12th February 2016 - Paschal Donohoe TD

Minister for Transport, Tourism and Sport and Fine Gael General Election candidate for Dublin Central, Paschal Donohoe, has today (Friday) said that the glaring omission of a tourism section from the Fianna Fáil manifesto clearly demonstrates the Party’s blatant disregard for the sector.

“Fianna Fáil presided over a 23% drop in overseas visits to Ireland in their final two years in Government. Their total disregard for the tourism sector is evident in the fact that little more 6 million visits per year were made to Ireland during that time.

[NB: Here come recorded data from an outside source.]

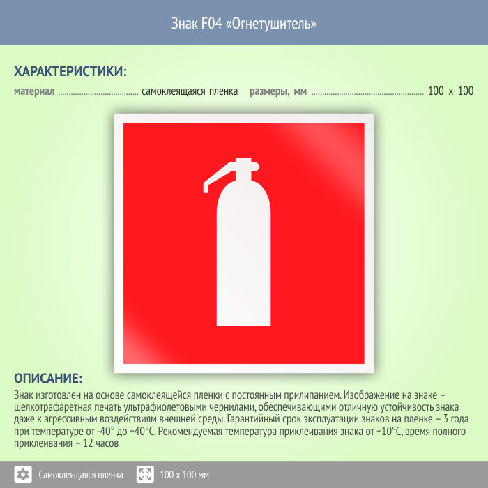 Знак F04 «Огнетушитель» (пленка, 100х100 мм) в Ставрополе купить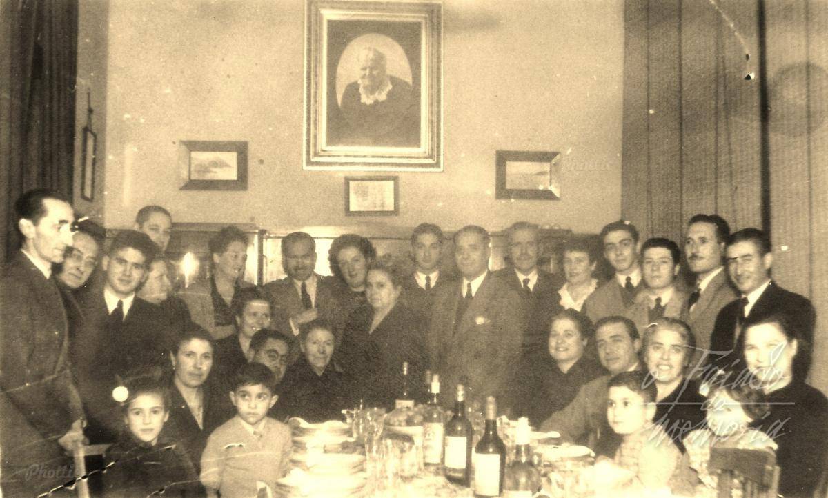 Agasallaban a nai da familia Villaverde Rey, a Rosalia Rey Barreiro, xa avanzada en idade, natural da Arxentina, tivera nove fillos entre eles Elpidio Villaverde, primeiro Alcalde da Republica en Vilagarcia, outro fillo, Jesus, mais coñecido por Achiño, foi concelleiro. Na imaxen vemos a Rosalia na cabeceira da mesa rodeada de unha parte da sua familia,os fillos Jesus, Luis e Paco, as noras, Leonor, Cachumbala e Piluca, pensamos que a esquerda é o Doctor Anduiza, que nos anos coarenta creou nun edificio modernista a caron da Parroquial un hospital ca especialidad de xinecoloxia.. O edificio, afortunadamente ainda existe.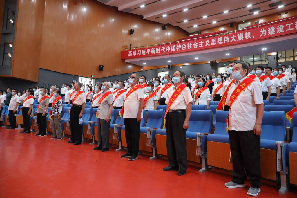 优秀共产党员代表、附属医院重症医学科护士长付继京,优秀党务工作者代表、信息与电气工程学院教师第一党支部书记吴迪,先进基层党组织代表、土木工程学院党委书记郭延华,“光荣在党50年”老党员代表赵松岭先后发言。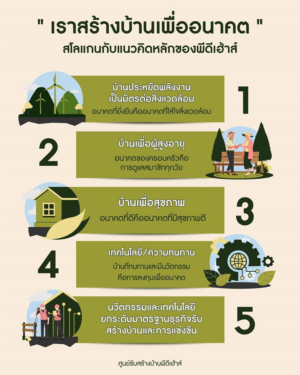 พีดีเฮ้าส์ ได้วางแนวทางการพัฒนาผ่าน 4 แกนหลักสำคัญที่มุ่งเน้นคุณภาพชีวิตและความยั่งยืน เพื่อสร้างความแตกต่างและความเชื่อมั่นให้กับผู้บริโภค ได้แก่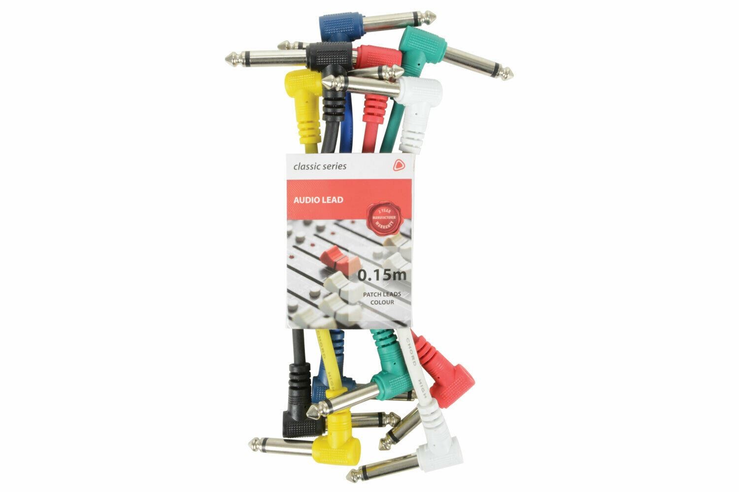 Set Audio Patch Leads Pack of 6 x 50cm Guitar Patch Leads Coloured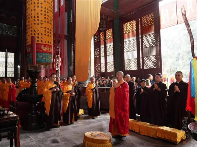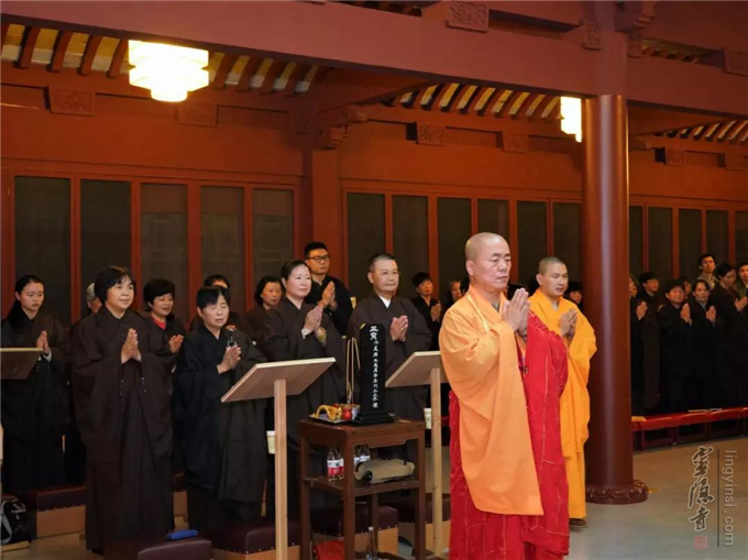 上午10:05,应护法善信之请,灵隐寺监院义广法师受方丈和尚委托,代和尚上堂说法,开示佛理。义广法师在大雄宝殿登坐宣说法语云: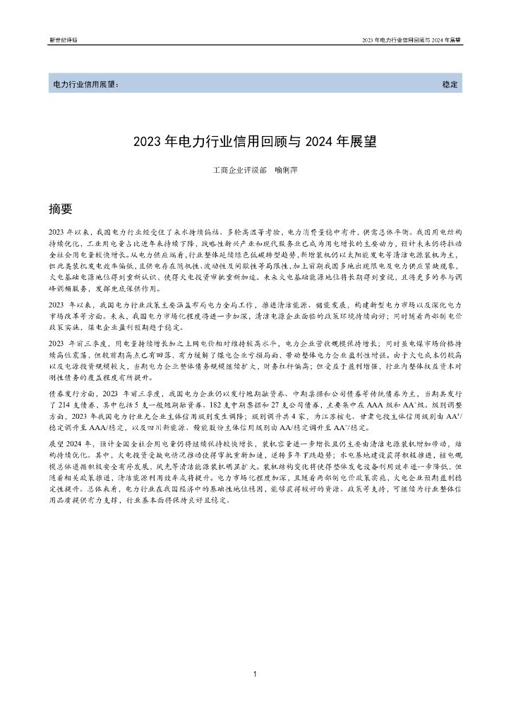 新世纪评级:2023年电力行业信用回顾与2024年展望报告.pdf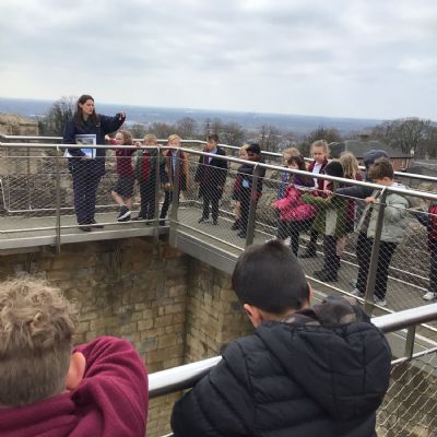 We walked all the way around the castle wall. We identified features of a castle and learnt lots of interesting facts about the castle.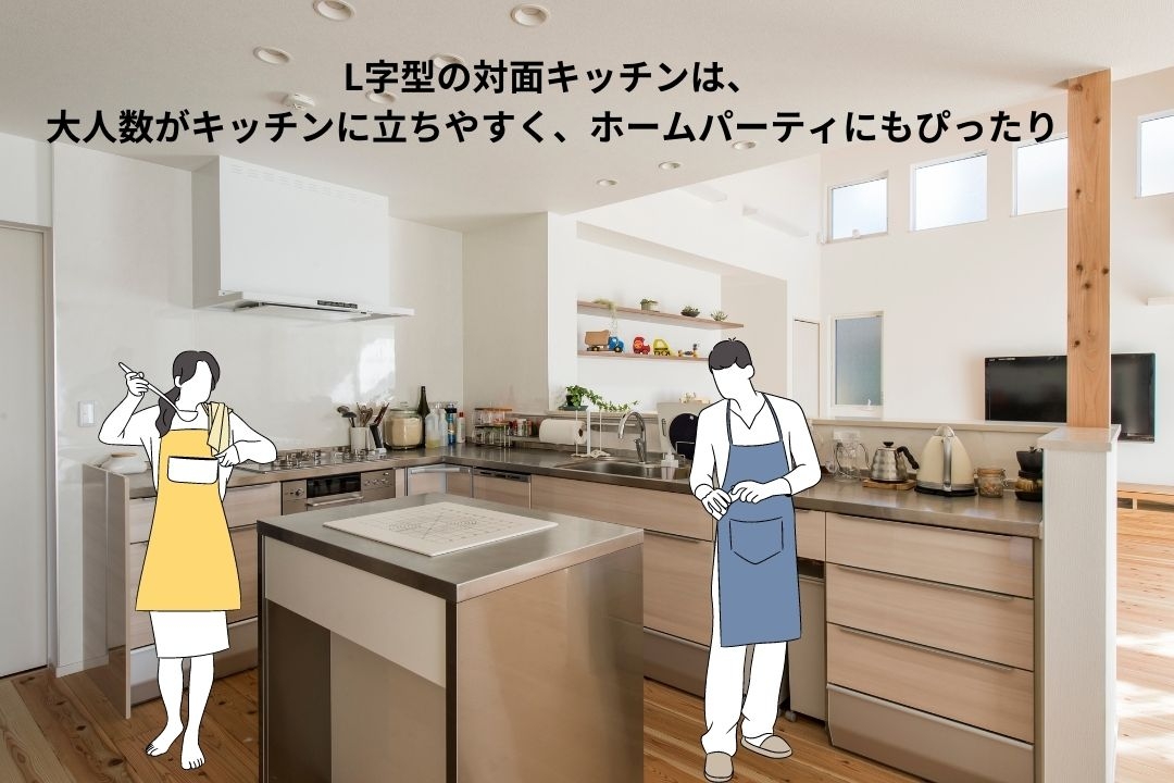 家族みんなでホームパーティーをしたり、一緒にキッチンに立つことが多いなら、対面式キッチンの後ろに作業台を作り、ぐるぐると動き回れる回遊動線をキッチンの中に作るといいでしょう。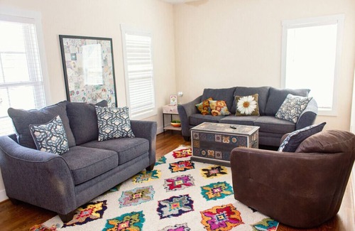 The Idlewood Hive is a private home, situated in a quiet neighborhood, just 6 minutes from downtown Richmond. Enjoy the laid back quiet feel, while being close enough to fully enjoy downtown. Large country decks, 8 foot custom locally made Farm Table, and large kitchen filled with great amenities make it perfect for families, friends, and work retreats. Home sleeps 16 people comfortably.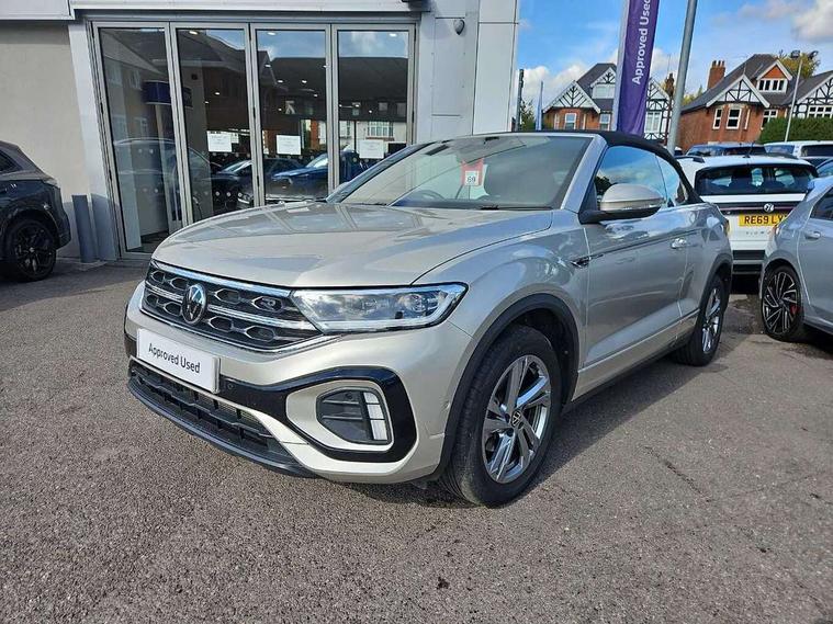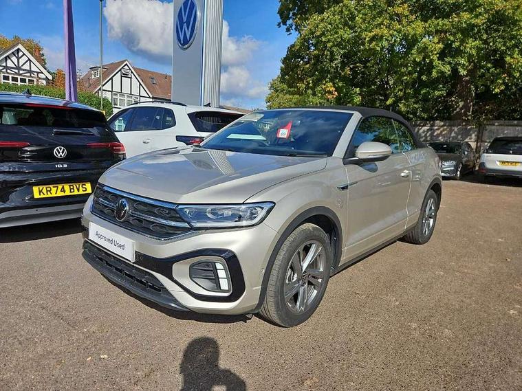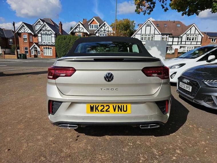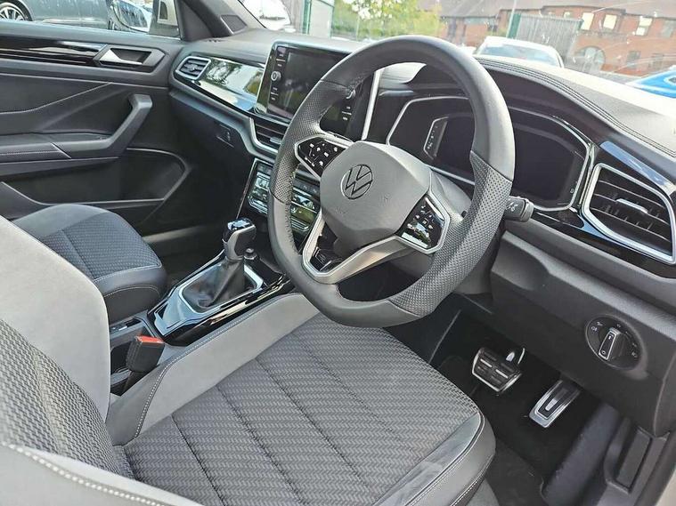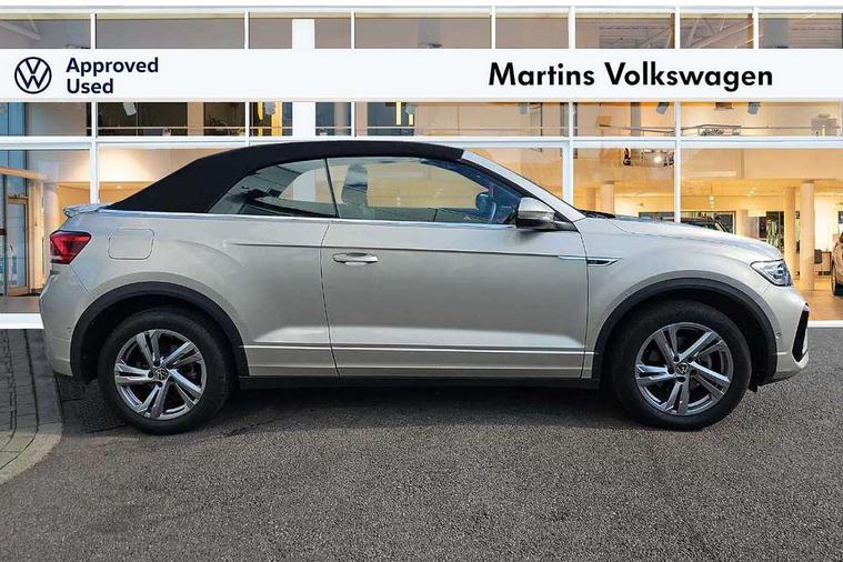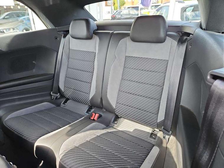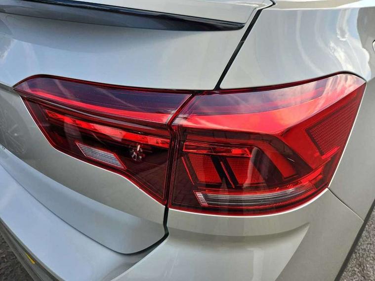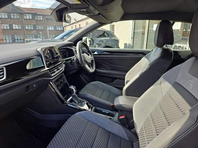 Adaptive cruise control and speed limiter, Bluetooth mobile phone interface, Brake pad wear indicator, Car information display, Digital Cockpit Pro with 10.25" Display, Driver alert system with fatigue detection, Driver tips and journey analysis, Emergency call service, Modified key software - reduce switch off time for key status change to Long no motion, Multifunction computer with visual gear change recommendation for fuel consumption, Multifunction front facing camera, Park assist including front and rear parking sensors, Speedo and rev counter, electronic odometer, trip, service interval display and exterior temperature gauge, Start/stop system with brake energy recovery, Tailgate/trunk lid release from outside, Warning sound and light for front seatbelts unfastened, Diversity antenna for FM reception, Music playback - MP3, WMA and AAC files, SMS functionality - read, compose and send SMS messages using touch-screen display, Title and cover art display, USB-C Interface and USB charging socket, We Connect and We Connect Plus functionality, Ambient lighting with logo projection, Auto dimming interior rear view mirror, Automatic hazard lights activation under emergency braking, Automatic headlight control with LED separate daytime running lights with coming/leaving home function, Black roof, Body colour door handles, Body colour rear spoiler, Chrome effect left and right trapezoid exhaust tailpipe fascia surround, Chrome trim on upper and lower radiator grille, Dark red rear combination lamps in LED technology, Dusk sensor, Exterior mirrors aspherical on driver side, convex on front passenger side, Heat insulating glass windscreen, High level 3rd brake light, LED performance matrix headlights - dynamic range control, dynamic cornering light and turn signal + light mode for rain/fog/snow, LED rear number plate lights, Power operated canvas convertible top, Power windows with comfort operation and circuit breaker, R-Line design body coloured bumpers, Rain sensor, Rear boot, Rear exhaust tailpipe, Rear fog light on one side and reversing lights on both sides, Remote electrically foldable door mirrors, puddle lights and reverse activated passenger door mirror, Volkswagen roundel, Windscreen wiper with intermittent wipe light, Without exterior ambient lighting, 12V socket in centre console storage area, 2 LED front reading lights, 2 seat bench in 2nd row, 50:50 Split folding rear seat backrests with fixed rear seat bench, Air care climatronic air conditoning system with active combination filter and 2-zone temperature control, Black door lower parts with chrome trim, Chrome plated surround to light, mirror and window switch, Door and side trim panel with leatherette insert, Easy entry backrest release, Front and rear carpet mats with black stitching, Front centre armrest, Front cupholders x 2, Front door pockets, Front seat back storage pockets, Front sports comfort seats with manual height adjustment, Heated leather wrapped multi function sports steering wheel with tiptronic, Height/reach adjust steering wheel, Inserts of front seats and outer rear seats in ArtVelours titan black, Instrument lighting, white adjustable panel illumination, Interior light delay, Interior light in footwell, Interior lighting with switch off delay and contact switches on all doors, Interior white ambient lighting and surround lighting, Isofix child seat preparation, Lockable glove compartment with light, Luggage compartment lighting, Power adjustable lumbar support in front, Rear head restraints, Single front passenger seat, Stainless steel pedals, Sun visors with illuminated vanity mirrors, Unique R Line door sill protectors, Driver assistance package - T-Roc cabriolet DSG, 2 x 3-point seatbelts/outer rear seats with ECE label, Driver and front passenger airbag with front passenger airbag deactivation, Driver and front passenger safety-optimised head restraints, Drivers seatbelt reminder, Electronic parking brake, Electronic Stability Control (ESC) including ABS, ASR and EDL, Front and rear disc brakes, Front assist with autonomous emergency braking, Pedestrian monitoring, Predictive pedestrian protection, Rigid safety cell with front and rear crumple zones, Side airbag/thorax airbag system, for front passengers, Single tone horn, Three point height adjust front seatbelts + pretensioners, Tyre pressure loss indicator, Volkswagen roadside assistance, Anti-theft alarm system with interior protection and central locking system with SAFELOCK, radio remote control and 2 remote control folding keys, Electronic engine immobiliser, Trims for alloy wheels,

“Fine Gael immediately identified tourism as a sector with enormous growth and job creation potential, particularly for rural Ireland. We cut the VAT rate for the hospitality sector to 9% and abolished the travel tax, a measure imposed by Fianna Fáil that hammered tourism by heaping costs on airlines and choking the sector.

“Initiatives such as the Gathering, the Wild Atlantic Way, Ireland’s Ancient East and a new brand identity for Dublin have turned the sector around and seen tourism grow to 8.6 million in 2015, the highest number of overseas visits ever recorded to Ireland.

“In a 128 page manifesto, released by Fianna Fáil, not only is there no tourism section setting out a plan to support a sector which employs 205,000 people across the country, but tourism is mentioned just seven times in a by-the-way fashion.

“When in power, Fianna Fáil cared only about builders and bankers, not the tens of thousands of B&Bs, restaurants and other businesses relying on overseas visitors. Clearly not a lot has changed as the Party attaches zero importance to tourism as a driver of economic growth.

“Fine Gael remains ambitious for the tourism sector with plans to grow visitor numbers to 10 million, revenue to €5 billion and increase the numbers working in the sector to 250,000 by 2025.

“Fianna Fáil’s exclusion of tourism from its manifesto further compounds its disregard for the sector, for the jobs it supports and for rural Ireland.

“Fianna Fáil refuse to focus on job creation and clearly do not understand the engine of our economy. Fine Gael, on the other hand, has a Long-term Economic Plan to create an additional 200,000 jobs by 2020, and we recognise the importance of the tourism sector to achieve this ambitious target.”